Ce schéma se produit également lorsque la responsabilité des crises conjugales est renvoyée à la victime par son·sa partenaire. Elle rend alors difficile la sortie du système dominant en entravant son élucidation à deux niveaux : la personne sous emprise ne parvient pas à s’identifier comme telle, et par conséquent son entourage ne peut incarner une figure secourable pouvant lui venir en aide. C’est le cas de Diane, qui, après avoir eu une crise émotionnelle (pleurs et cris) en public, est discréditée par son ex-compagne. Cette dernière se présente comme la véritable victime, en donnant aux témoins une vision inversée de la réalité qui vient de se dérouler sous leurs yeux : elle accuse Diane d’être l’instigatrice des tensions au sein du couple, et démontre son propos en l’accusant d’être « hystérique ». Cette qualification, que vous avez peut-être vous-même déjà entendue de par sa récurrence, relève d’une stratégie de dénigrement utilisée par les « empriseur·e·s » pour minimiser ou nier la réalité de la violence dont ils·elles sont en fait à l’origine (Hirigoyen, 1998). La publicisation d’une responsabilité erronée dans ces événements aggrave le climat déjà alarmant et stressant de la relation. Les victimes, injustement accusées, se trouvent incapables de se défendre ou de légitimement exprimer leurs plaintes. Ce processus mène souvent les proches à considérer ces moments de crise comme le résultat d’un conflit conjugal impliquant les deux partenaires, plutôt que de reconnaître la présence de comportements abusifs de l’un·e envers l’autre.
Être « pris » par sa société
Pour comprendre pleinement l’omniprésence de cet imaginaire collectif et son impact sur les capacités d’oppression et de défense des individus, il est nécessaire de prendre en compte la prégnance des contextes sociaux, économiques et historiques au sein de la société. Les constructions culturelles et sociales du concept d’amour propres aux sociétés occidentales modernes – tels que la représentation de l’amour ou la passion amoureuse – génèrent des attentes spécifiques élevées et irréalistes concernant les comportements des hommes et des femmes (Esteban Galarza, 2008). Dans une société patriarcale, l’apprentissage individuel et social des rôles de genre9 incite les femmes à donner davantage d’amour qu’elles n’en reçoivent, pour atteindre des idéaux d’amour et de passion à travers la dévotion et le sacrifice, tandis que les hommes sont souvent encouragés à rechercher l’indépendance et à s’accomplir par la puissance et le contrôle. C’est la répétition de ces comportements liés au genre – ce que la philosophe Judith Butler (1990) désigne comme la « performativité de genre » – et non au sexe biologique de la personne, qui conduit à l’asymétrie de pouvoir dans les relations entre les hommes et les femmes, avec pour corollaire le fait que ce sont majoritairement les premiers qui « emprisent » les secondes.

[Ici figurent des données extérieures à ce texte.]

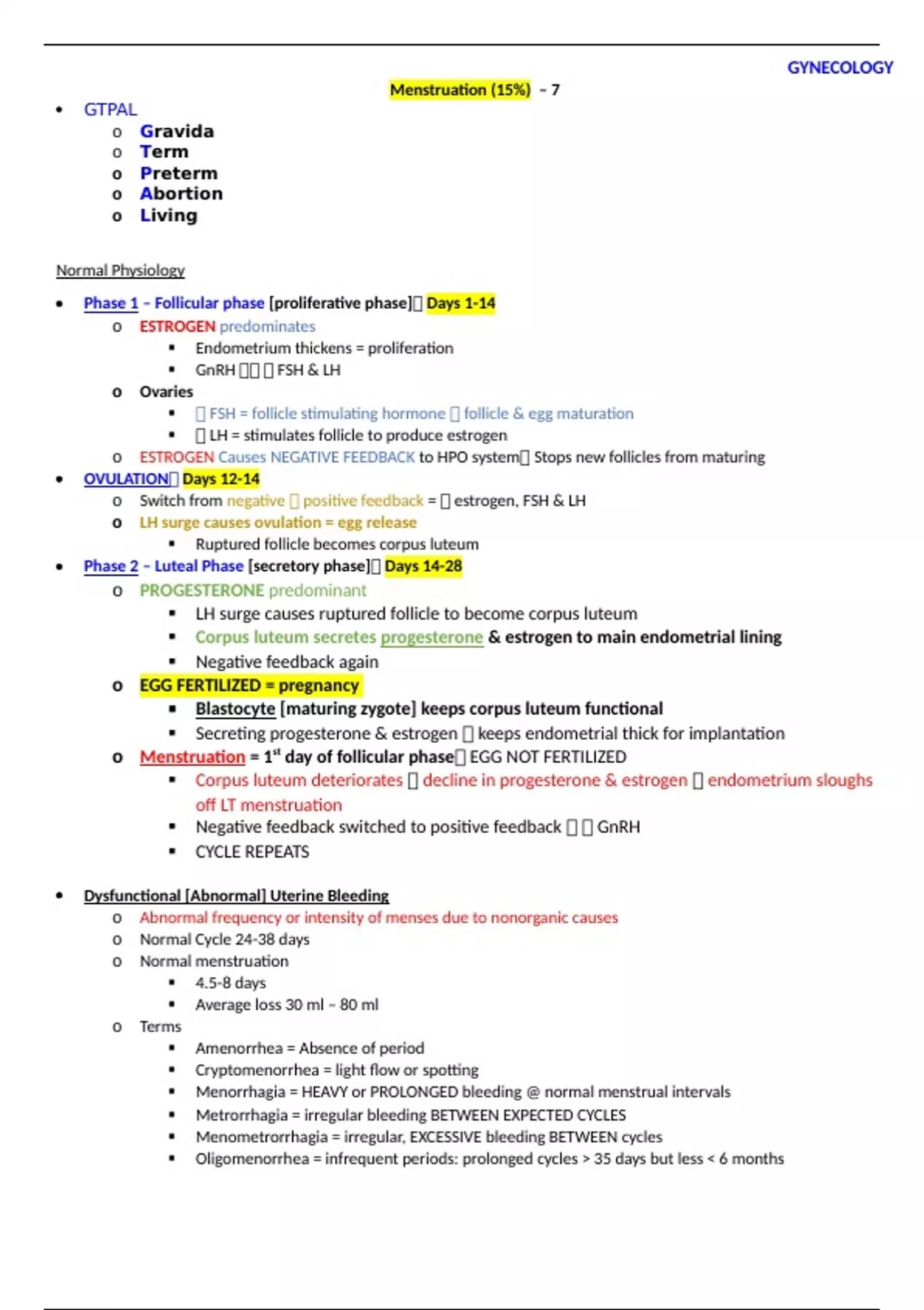 Menstruation (15%) – 7 GTPAL o Gravida o Term o Preterm o Abortion o Living Normal Physiology Phase 1 – Follicular phase [proliferative phase] Days 1-14 o ESTROGEN predominates Endometrium thickens = proliferation GnRH FSH & LH o Ovaries FSH = follicle stimulating hormone follicle & egg maturation LH = stimulates follicle to produce estrogen o ESTROGEN Causes NEGATIVE FEEDBACK to HPO system Stops new follicles from maturing OVULATION Days 12-14 o Switch from negative positive feedback = estrogen, FSH & LH o LH surge causes ovulation = egg release Ruptured follicle becomes corpus luteum Phase 2 – Luteal Phase [secretory phase] Days 14-28 o PROGESTERONE predominant LH surge causes ruptured follicle to become corpus luteum Corpus luteum secretes progesterone & estrogen to main endometrial lining Negative feedback again o EGG FERTILIZED = pregnancy Blastocyte [maturing zygote] keeps corpus luteum functional Secreting progesterone & estrogen keeps endometrial thick for implantation o Menstruation = 1st day of follicular phase EGG NOT FERTILIZED Corpus luteum deteriorates decline in progesterone & estrogen endometrium sloughs off LT menstruation Negative feedback switched to positive feedback GnRH CYCLE REPEATS Dysfunctional [Abnormal] Uterine Bleeding o Abnormal frequency or intensity of menses due to nonorganic causes o Normal Cycle 24-38 days o Normal menstruation 4.5-8 days Average loss 30 ml – 80 ml o Terms Amenorrhea = Absence of period Cryptomenorrhea = light flow or spotting Menorrhagia = HEAVY or PROLONGED bleeding @ normal menstrual intervals Metrorrhagia = irregular bleeding BETWEEN EXPECTED CYCLES Menometrorrhagia = irregular, EXCESSIVE bleeding BETWEEN cycles Oligomenorrhea = infrequent periods: prolonged cycles > 35 days but less < 6 months Polymenorrhagia = frequent cycle intervals < 21 days o Etiology Chronic anovulation – 90% Disruption of hypothalamus-pituitary axis Seen w/ extreme ages: teenagers soon after menarche & perimenopausal UNOPPOSED ESTROGEN o Without ovulation = no progesterone = excess estrogen = endometrial growth o Irregular, unpredictable shedding/bleeding Ovulatory – 10% Regular cyclical shedding + ovulation w/ prolonged progesterone section increase blood loss & prostaglandins menorrhagia o Diagnosis of Exclusion No evidence of organic cause & negative pelvic exam Workup Hormone levels Transvaginal US Endometrial biopsy if endometrium >4 mm on US or women >35 y/o R/O endometrial carcinoma o Management 1 – control bleeding Acute severe bleeding o High dose IV estrogens or high dose OCPs o D&C if IV estrogen fails 2 – prevent future bleeding 3 – minimize endometrial cancer risk Anovulatory [90%] & Ovulatory [10%] OCPs = 1st line regulates periods & reduces flow; decreases endometrial CA risk Progesterone IF estrogen is contraindicated GnRH agonists – leuprolide Surgery IF NOT responsive to medical tx Hysterectomy = DEFINITIVE tx for DUB Endometrial ablation – pts who DON’T want a hysterectomy Amenorrhea o Absence of menses o Workup Pregnancy test = MCC of secondary amenorrhea Serum prolactin FSH & LH TSH o Primary Amenorrhea Failure of menarche by 15 w/ secondary sex characteristics by 13 w/o secondary sex characteristics Etiologies Uterus Present & Breast Present o Outflow obstruction Transvaginal septum = 2 compartment Imperforated hymen = no opening into canal, blue bulge Uterus Present – Breast ABSENT o Ovarian Causes elevated FSH & LH Premature ovarian failure – 46XX = early menopause Gonadal dysgenesis = Turner’s 45XO o Normal/Low FSH & LH Hypothalamus-Pituitary Failure Puberty delays – athletes, illness, anorexia Uterus ABSENT & Breast Present o Mullerian agenesis – 46 XX = absence of uterus, cervix, and/or vagina o Androgen insensitivity – 46 XY = genetically male Uterus ABSENT & Breast ABSENT o RARE o Defect in testos

Finalement, la figure communément partagée de l’« empriseur » comme d’un pervers narcissique déviant contribue à l’invisibilité du système d’emprise, en nous empêchant de considérer qu’il puisse être le proche quotidiennement fréquenté et socialement intégré. Les actes des agresseur·e·s ne peuvent que rarement être associés aux registres du pulsionnel ou du pathologique ; en effet, les « empriseur·e·s » – tout comme les auteur·rice·s de violence conjugale – maîtrisent suffisamment leur domination ainsi que le risque qu’elle leur fait prendre, pour éviter d’être dénoncé·e·s et pour « sauver leur peau » (Dussy, 2013). Le cas d’Iris illustre parfaitement ce dernier postulat. Récemment, elle a été convoquée au commissariat de son quartier pour des faits de violences conjugales, passant ainsi pour l’agresseure dans une situation où elle était en réalité la victime. Son compagnon s’était en effet rendu lui-même à la police quelques semaines plus tôt, après une dispute où il avait laissé la jeune femme inconsciente et le crâne ouvert. Alors qu’elle était emmenée à l’hôpital, il en a profité pour faire constater des « coups et blessures » sur lui-même, qui étaient en fait des traces de défense de cette dernière. L’hypothèse selon laquelle le compagnon d’Iris aurait agi impulsivement est doublement rejetée : d’abord, il a manifestement calculé ses actions au moment des faits ; ensuite, il n’est jamais revenu sur sa déclaration initiale, ce qui renforce l’idée qu’il n’a pas cédé à des pulsions. On peut supposer que l’« empriseur·e » connaît et maîtrise pour cela les codes de sa société, sans quoi le système d’emprise ne pourrait ni s’installer, ni perdurer.
Associer l’« empriseur·e » à un individu marginal fait partie des mêmes dispositifs qui conduisent l’entourage, si la situation d’emprise fait toute de même l’objet d’une dénonciation, à condamner l’acte plutôt que son auteur. En effet, elle représente toujours la solution qui « coûte le moins cher » socialement à l’entourage, qui, tout comme la société, préfèrera souvent compter parmi ses membres un·e menteur·euse plutôt qu’un·e agresseur·e.
Ressources disponibles
La prise de conscience de la situation par les victimes d’emprise, bien qu’elle relève d’un processus complexe et incertain, dépend souvent de la reconnaissance et de la mise en mots des faits par un·e autre que soi, démontrant une fois de plus la place prépondérante qu’occupe l’environnement social dans ce système. Qu’il s’agisse d’un·e ami·e, d’un parent, d’une personnalité publique ou d’une ancienne victime à laquelle on s’identifie, l’importance accordée aux paroles de cet individu dans un contexte précis peut parfois conférer, à lui seul, les clés nécessaires à la personne sous emprise pour prendre conscience de son impensable situation, et découvrir l’existence d’un monde autre que celui du système oppressif, prêt à l’accueillir.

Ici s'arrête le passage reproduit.